No stove. What? That’s gotta be a mistake. I read the list again – no stove. No fuel bottle, no matches, no lighter. No hot food at night, no hot drink in the morning, no emergency water purification back-up. To save maybe four pounds? That’s a terrible decision. Suddenly, I’m not so eager to be on this trek.

And then we’re off, and I start feeling better. Lani has a fine sense of the geology, biology and topography of the land she’s crossing, and feeds us interesting tidbits of its cultural and economic history. And she’s presenting the right attitude for a long trail hiker. “The point of this hike,” she says, “is to be here on the trail.”


Each chapter describes a leg of the trip, and each is introduced with a lovely pencil drawing (uncredited, so I assume they are hers) of a flower, leaf or butterfly that she’s seen along the trail. She knows these from growing up in Colorado, and readers who’ve visited the Rockies will recognize them as well. They will also recognize the woods and wildlife. A moose, looking like it was “made up of spare parts,” or an old burn filled with jackstrawed lodgepole pines.

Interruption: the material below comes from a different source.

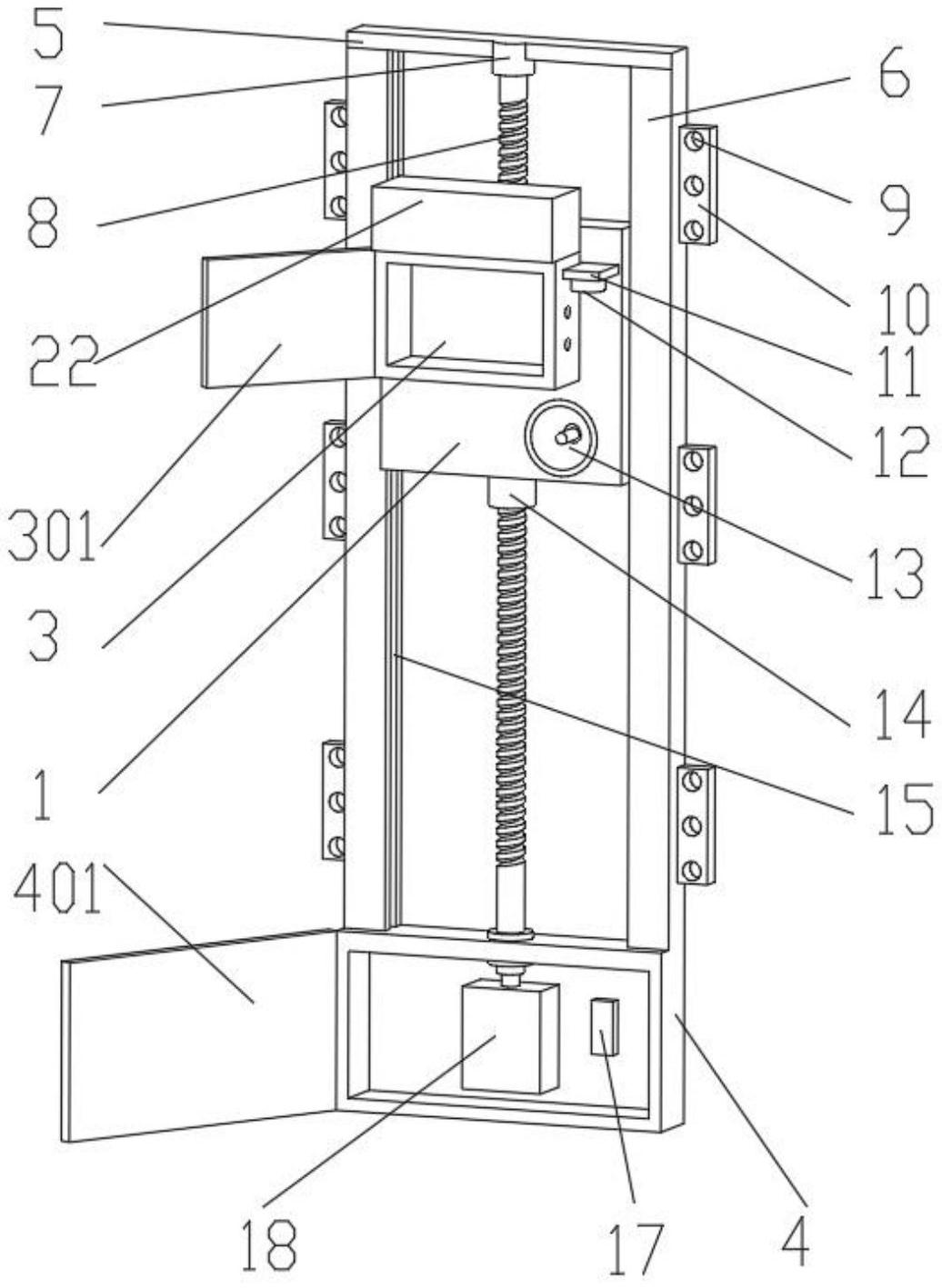 本实用新型公开了一种智能防火门监控器,涉及防火门技术领域,具体为一种智能防火门监控器,包括区域分机底座和控制箱,所述区域分机底座的背面固定连接有内螺纹管,所述内螺纹管的内部螺纹连接有螺纹柱,所述螺纹柱的上部转动连接有连接块,所述连接块的侧面固定连接有连接板,所述连接板的一侧固定连接有滑轨,所述滑轨的侧面开设有滑槽,所述螺纹柱的下端通过轴承固定连接有机箱,所述机箱的内部固定安装有电机。该智能防火门监控器,通过滑轨的设置,使该智能防火门监控器具备了便于检修维护的效果,通过内螺纹管和螺纹柱的配合设置,在使用的过程中可以使区域分机底座上下升降,达到了便于维护检修的目的。
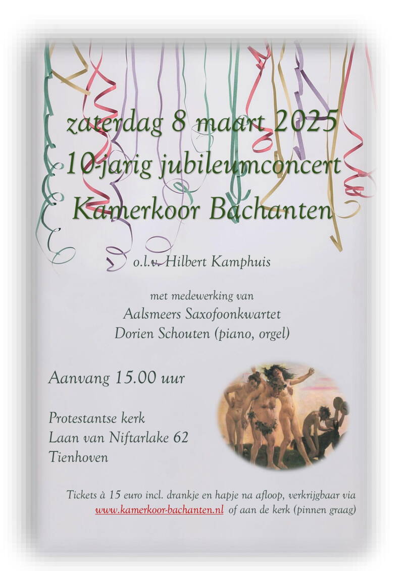 Op woensdag 31 mei luidden de Bachanten onder leiding van Maarten van der Bijl met een gevarieerd programma de zomer in, met Italiaanse, Engelse, Franse en Duitse liederen uit de renaissance en romantiek, afgewisseld door pianostukken van Eric Satie. Het concert vond plaats in De Ark in Duivenkamp in Maarssenbroek. Na afloop werd er onder het genot van een glaasje nagepraat. Kamerkoor Bachanten, opgericht in 2014, viert in 2024 zijn tweede lustrum!

Andrea does her best to focus on her here and now, but she can’t get away from the other things she’s carrying. She’s angry about the job she hates and angry about being caught in a place, Maine, she doesn’t like. She resents her role in making and breaking camp, and by extension her role at home. She’s grumpy about other hikers on the trail and unhappy with the way other people are using the territory she’d rather have to herself. She hates the cattle grazing, mining, and road-building in the public lands she’s hiking through, and as the trip progresses I’m increasingly worried about what seems to be an uncertain relationship with her husband.

The days turn into a grind. “As I trudge upward I vow never to go hiking again.” The trail presents a repetitive sameness of ridges and valleys, aspen and sage, talus and scree. They get a lot of rain, suffer bad campsites and endure far too many “cold, dismal meals” of reconstituted mush.

Then she gets a new pair of shoes. Durango is close, and like a team of horses that smells the barn, they finish with a push, right on schedule. They get home a day before the boys are due to start school.

“Am I happier than I was five years ago?” she asks in her epilogue.  Not surprisingly, yes.  “I’ve taken the lessons of the trail to heart” “try to appreciate the here and now, and approach obstacles like mountain ranges, one step at a time.” A new job, still not perfect, is perfectly OK, and things sound much more comfortable at home than they seemed on the trail.  She is even contemplating a new backpacking trip.  But the next time, she vows, “I’ll bring a stove.”

John Alden, a retired archaeologist, once spent six weeks backpacking in the Frank Church/River of No Return Wilderness.